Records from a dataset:

********************

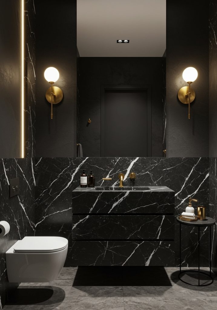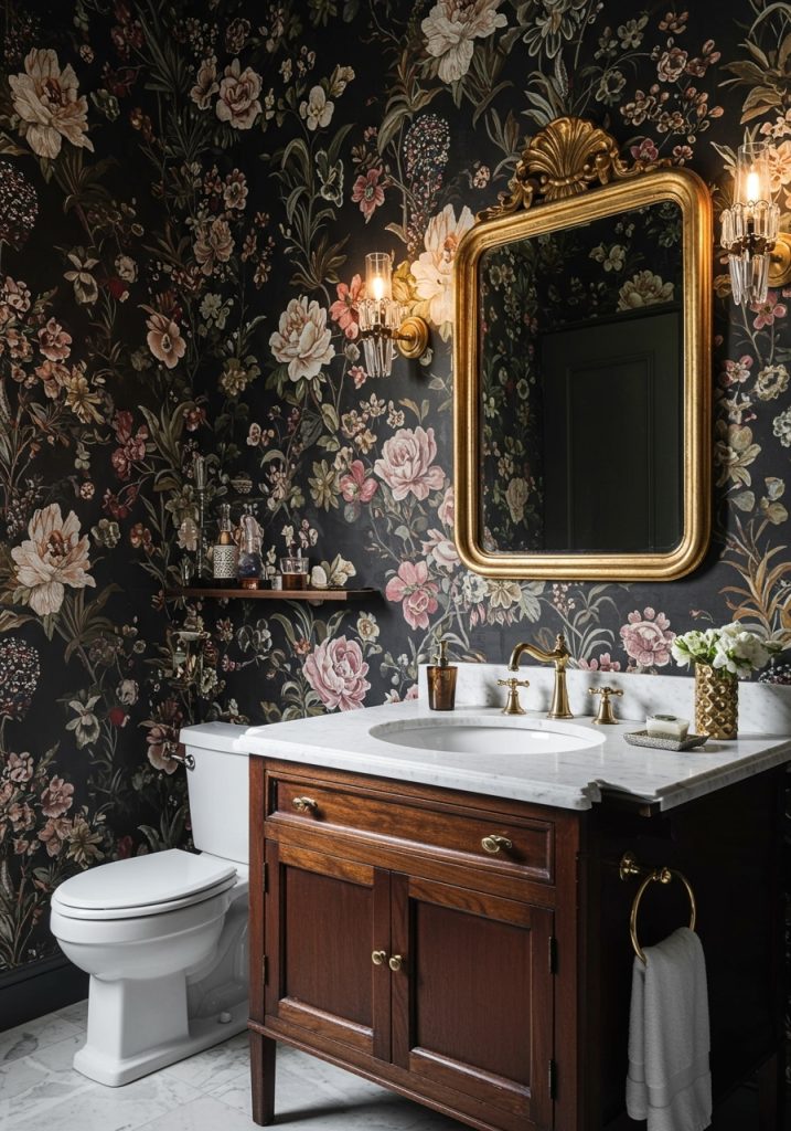 Who says black has to be solid? A black-based wallpaper with a cool pattern—like a gold art-deco geometric, a lush floral, or a subtle damask—is unbelievably chic. It adds texture and personality, making the bathroom feel like a custom-designed jewel box.
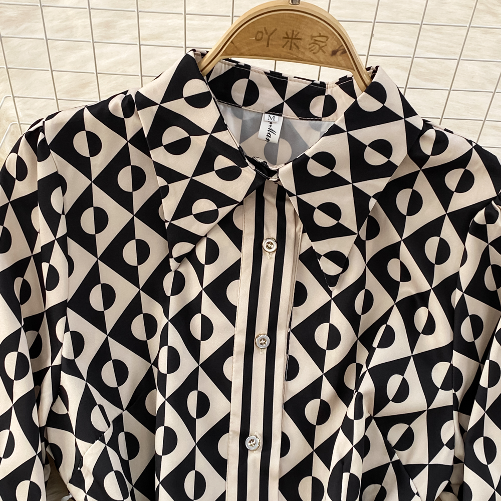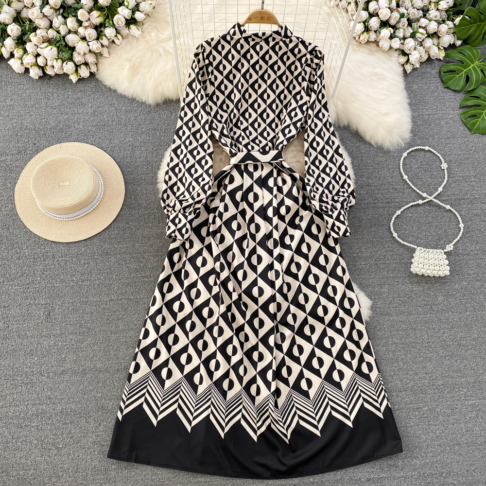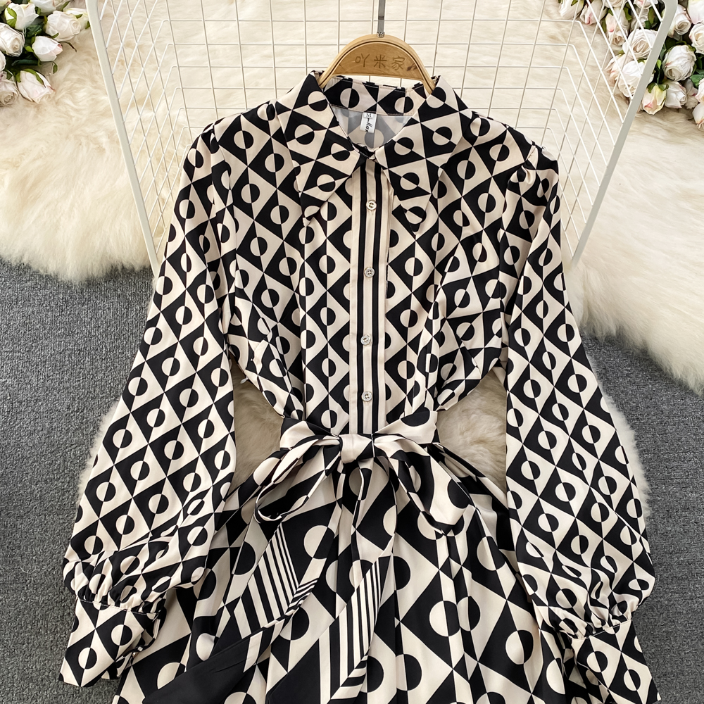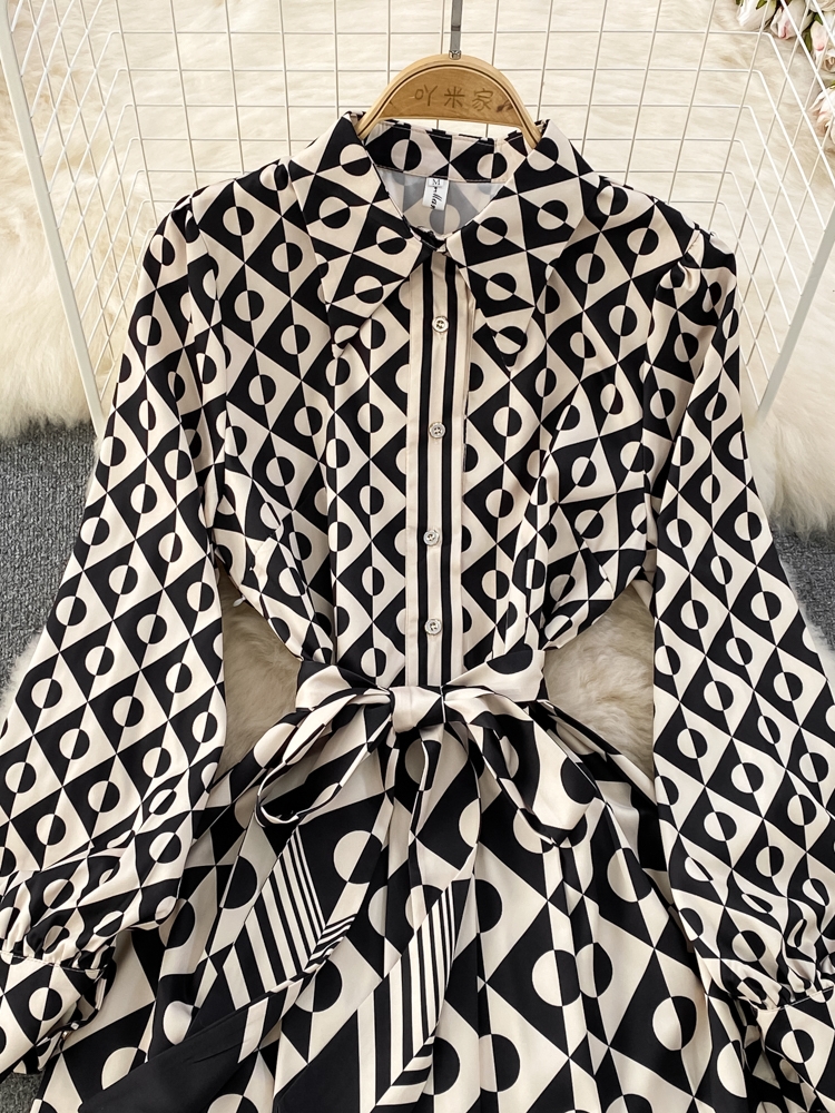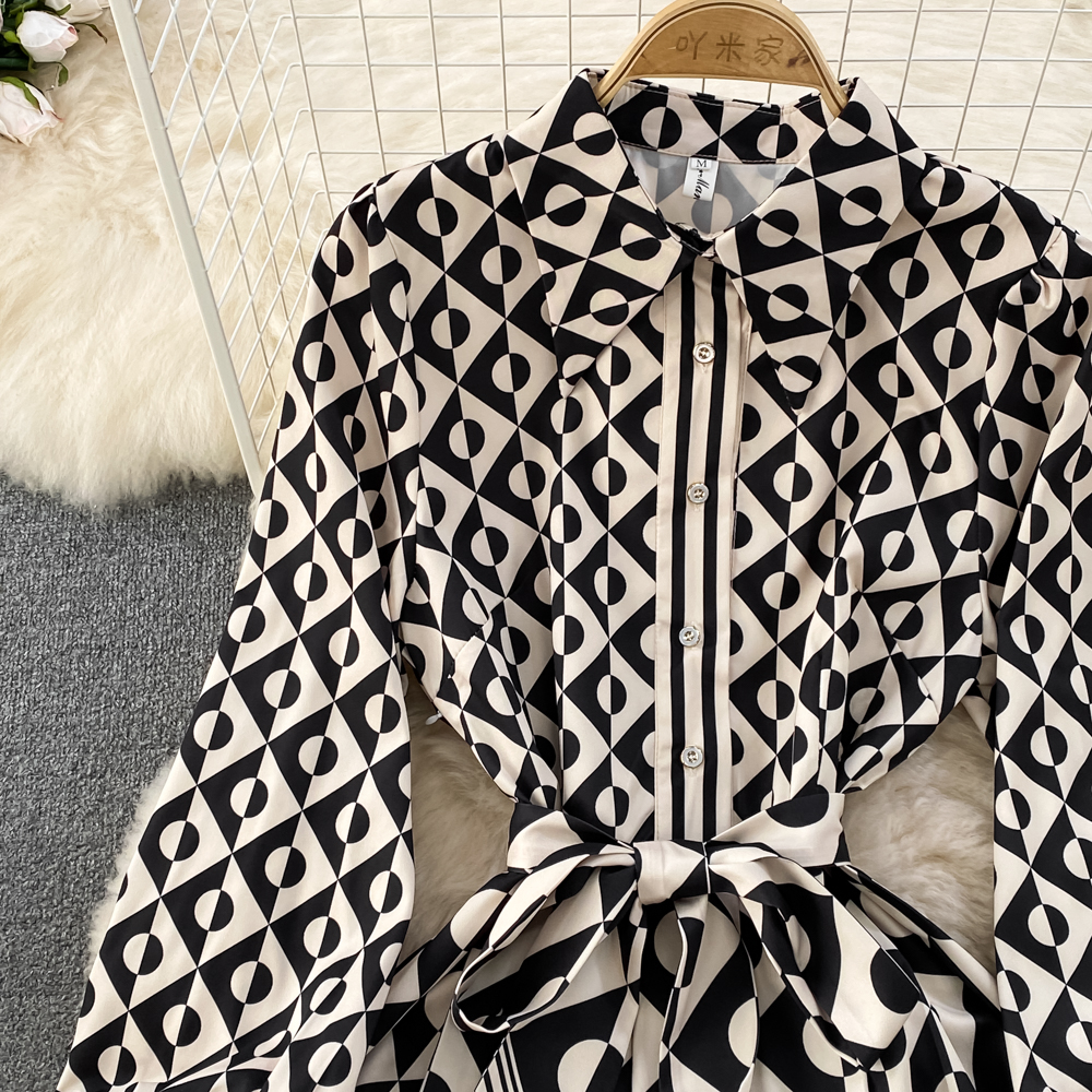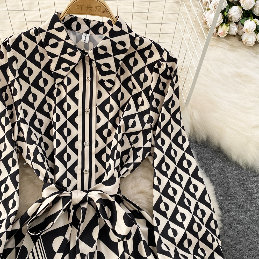 Elegant Retro Light Mature Style Shirt Dress with Cinched Waist and Long Sleeves
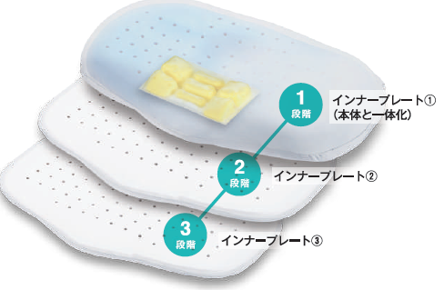 人それぞれの、骨格や筋肉に合わせ調整できる3段階のインナープレートで、好みの高さに調整でき最適な寝姿勢と寝返りのしやすさを実現します。
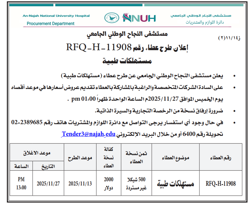 إعلان طرح عطاء رقم 11908-RFQ-H
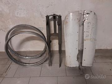 Vendo in stock tutto assieme tutto quello che si vede nella prima foto di copertina . Lo stock comprende un ciclomotore legnano sachs con MOTORE BLOCCATO e duplicato del libretto rifatto negli anni 80 , bicicletta legnano con freni a bacchetta da restaurare , 3 motori ciclomotori da usare come pezzi di ricambio (1 motore Rizzato, 1 motore Garelli , 1 motore Franco Morini ) , 1 paragambe Galletto , forcella ciclomotori anni 60/70 .
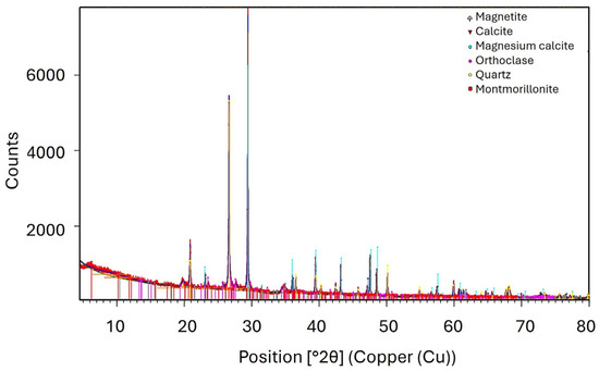 The X-ray diffraction (XRD) pattern of the clay-type lithium ore is shown in Figure 3. The diffractogram reveals that the sample is primarily composed of quartz, calcite, and montmorillonite. Minor phases include magnetite, magnesium calcite, and orthoclase. The identification of montmorillonite is particularly significant, as this clay mineral is commonly associated with lithium-bearing deposits, where lithium can substitute for Mg2+ in the octahedral sheet of the aluminosilicate structure. These findings are consistent with the mineralogical reconstruction presented in Table 2, which confirms montmorillonite as the dominant phase (56.2 wt.%), followed by quartz (22.8 wt.%) and carbonate minerals. Similar mineralogical assemblages—dominated by quartz, calcite, and montmorillonite—have been reported in clay-type lithium deposits in Sonora, Mexico [19,30], supporting the potential of these materials as alternative lithium resources. The presence of accessory minerals such as magnetite and feldspars suggests minor detrital contributions that may influence gangue behavior during leaching.
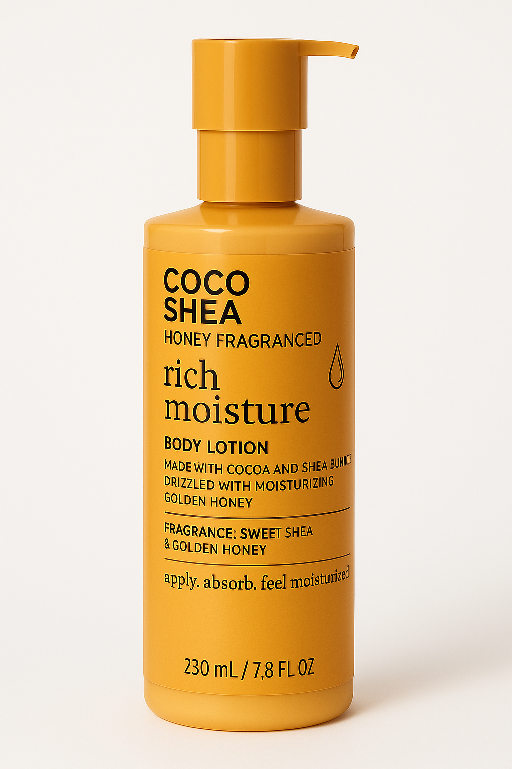 La loción corporal Coco Shea Honey Fragranced – Rich Moisture combina la riqueza natural del cacao y la manteca de karité con el toque dulce y reconfortante de la miel dorada, creando una experiencia de hidratación profunda y sensorial. Su fórmula cremosa nutre la piel seca, aportando suavidad y un brillo saludable que se mantiene durante todo el día. Ideal para quienes buscan una piel tersa, flexible y con un aroma cálido y envolvente. Su textura se absorbe rápidamente sin dejar residuos grasos, mientras que su fragancia combina notas de miel, manteca dulce y un delicado fondo amaderado, perfecta para cualquier ocasión.
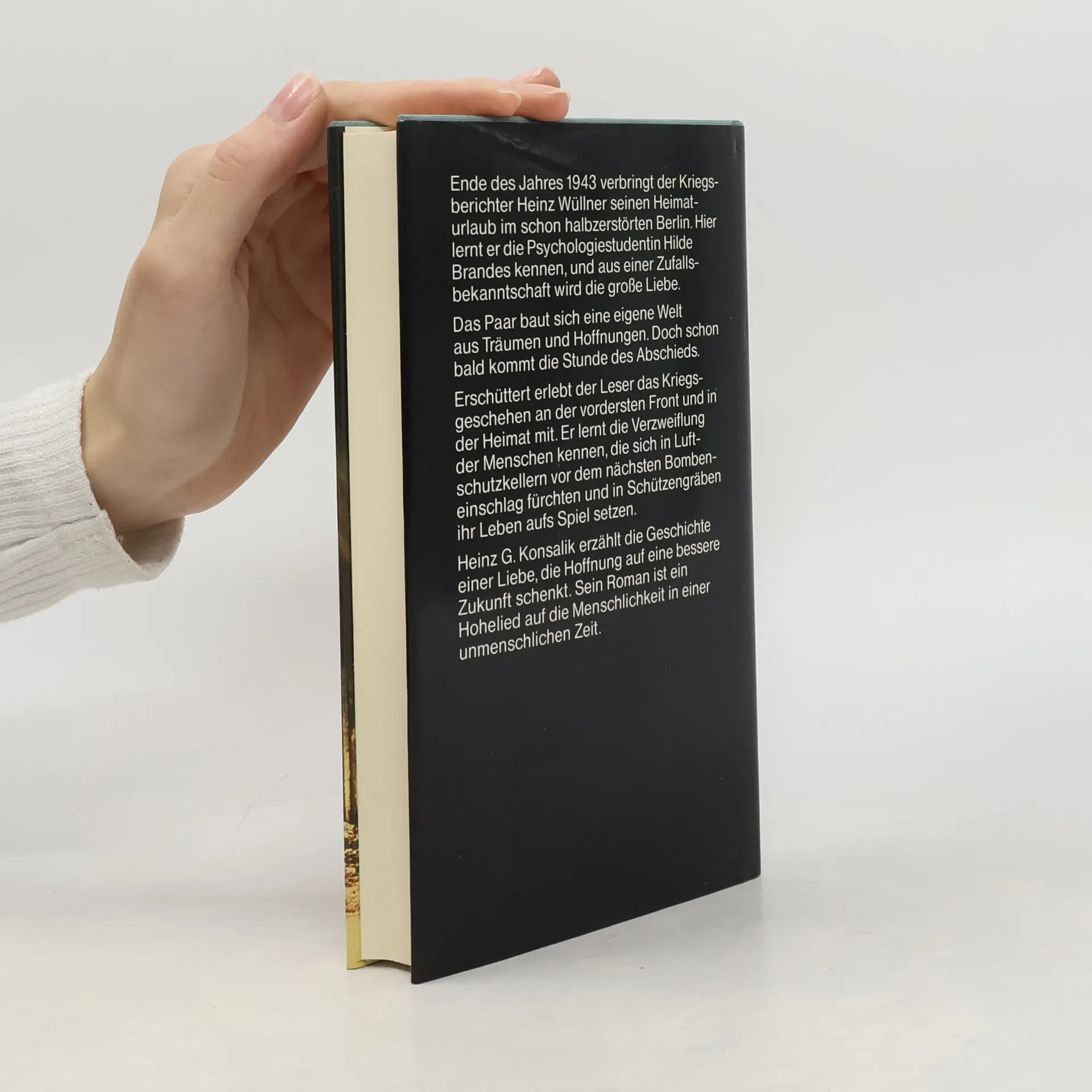 Ende des Jahres 1943 verbringt der Kriegsberichter Heinz Wullner seinen Heimturlaub im schon halbzerstorten Berlin. hier lernt er die Psychologiestudentin Hilde Brandes kennen, und aus einer Zufallsbekanntschaft wird die grosse Liebe. Das Paar baut sich eine eigene Welt aus Traumen und Hoffnungen. Doch schon bald kommt die Stunde des Abschieds. Erschuttert erlebt der vordersten Front und in der Heimat mit. Er lernt die Verzweiflung der Menschen kennen, die sich in Luftschutzkellern vor dem nachsten Bombeneinschlag furchten und in Schulzengraben ihr Leben aufs Spiel setzen. Heinz G. Konsalik erzahlt die Geschichte einer Liebe, die Hoffnung auf eine bessere Zukunft schenkt. Sein Roman ist ein Hohelied auf die Menschlichkeit in einer unmenschlichen Zeit.
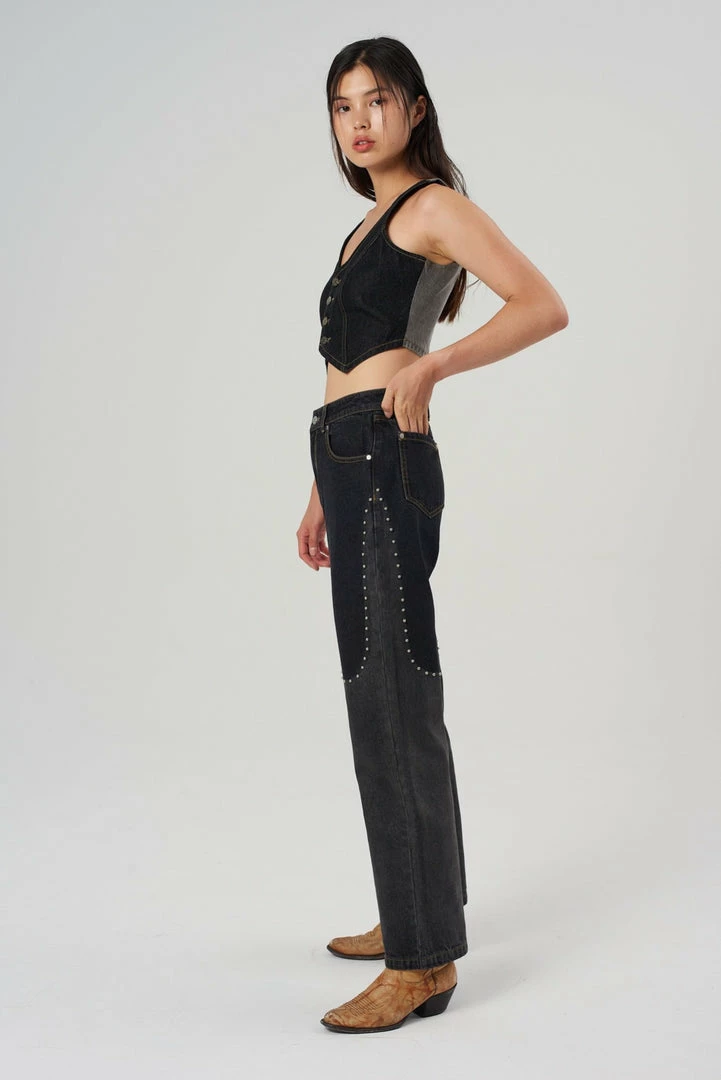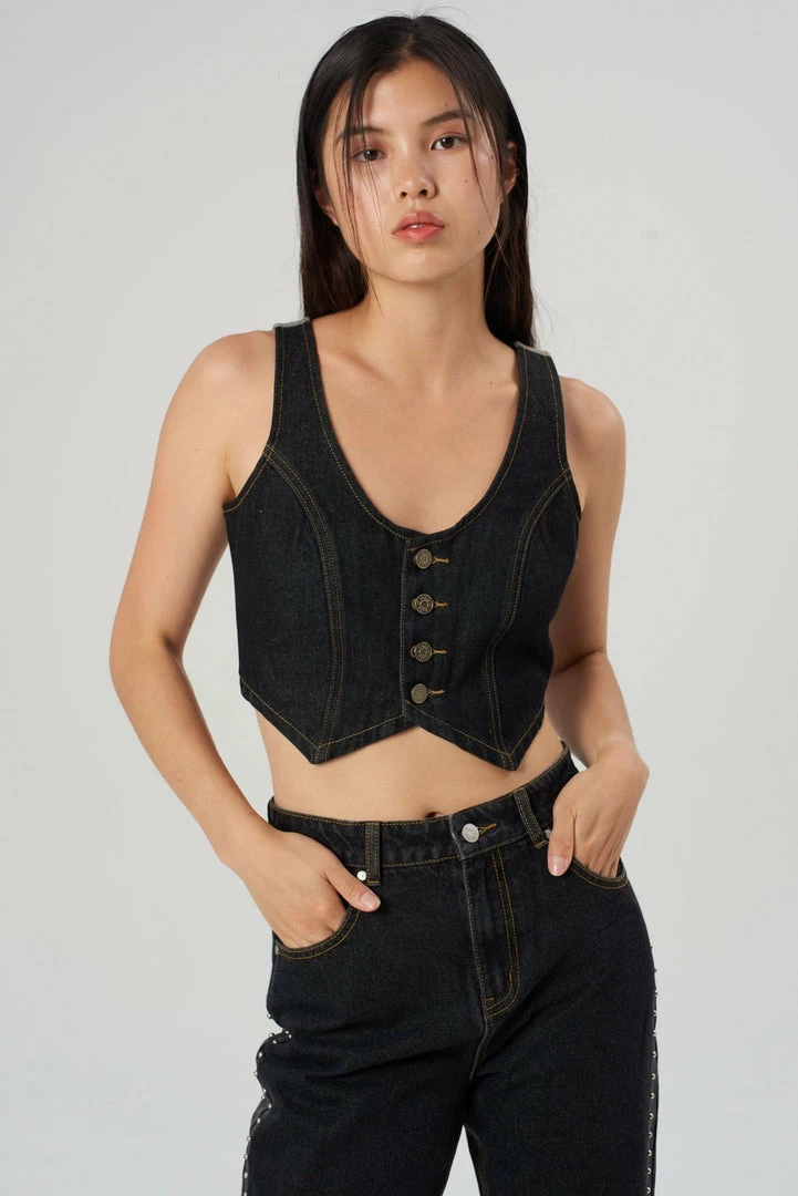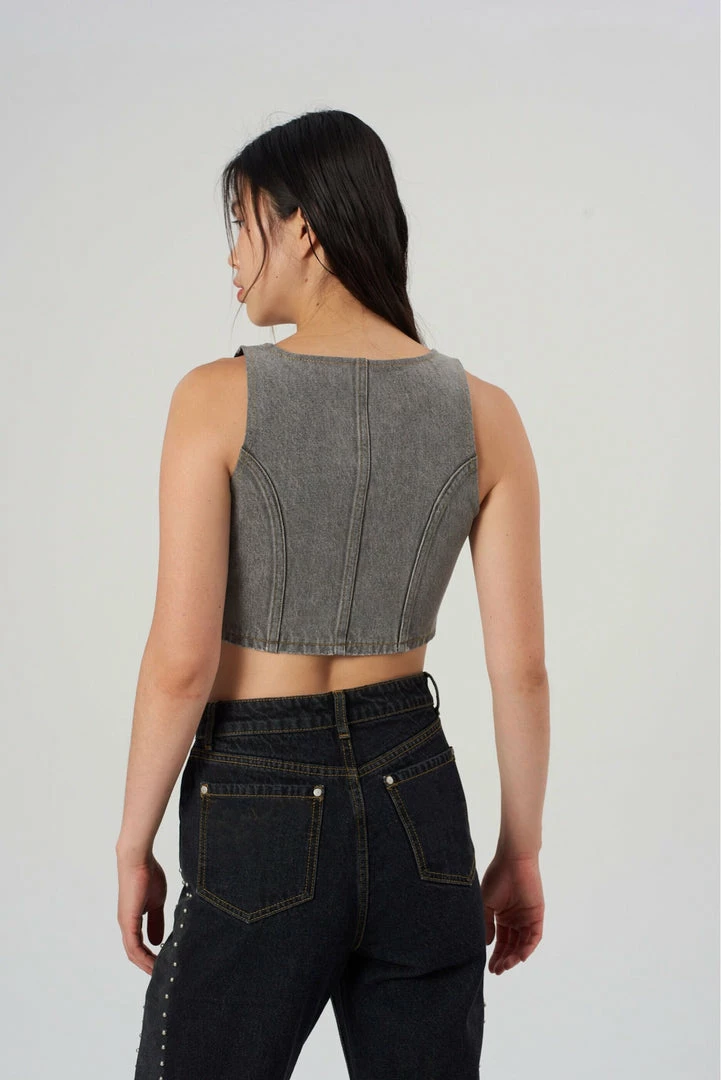 The Orb Waistcoat is our charcoal denim half & half waistcoat. Crafted from viscose, polyester, and recycled cotton.

********************

[PROBLEM STATEMENT]:
Which part of the entries opens with the line containing "人それぞれの、骨格や筋肉に合" and closes with the line containing "إعلان طرح عطاء رقم 11908-RFQ-H"? Output that part exactly, ends included, pictures excluded.

[SOLVED PROBLEM]:
 人それぞれの、骨格や筋肉に合わせ調整できる3段階のインナープレートで、好みの高さに調整でき最適な寝姿勢と寝返りのしやすさを実現します。
 إعلان طرح عطاء رقم 11908-RFQ-H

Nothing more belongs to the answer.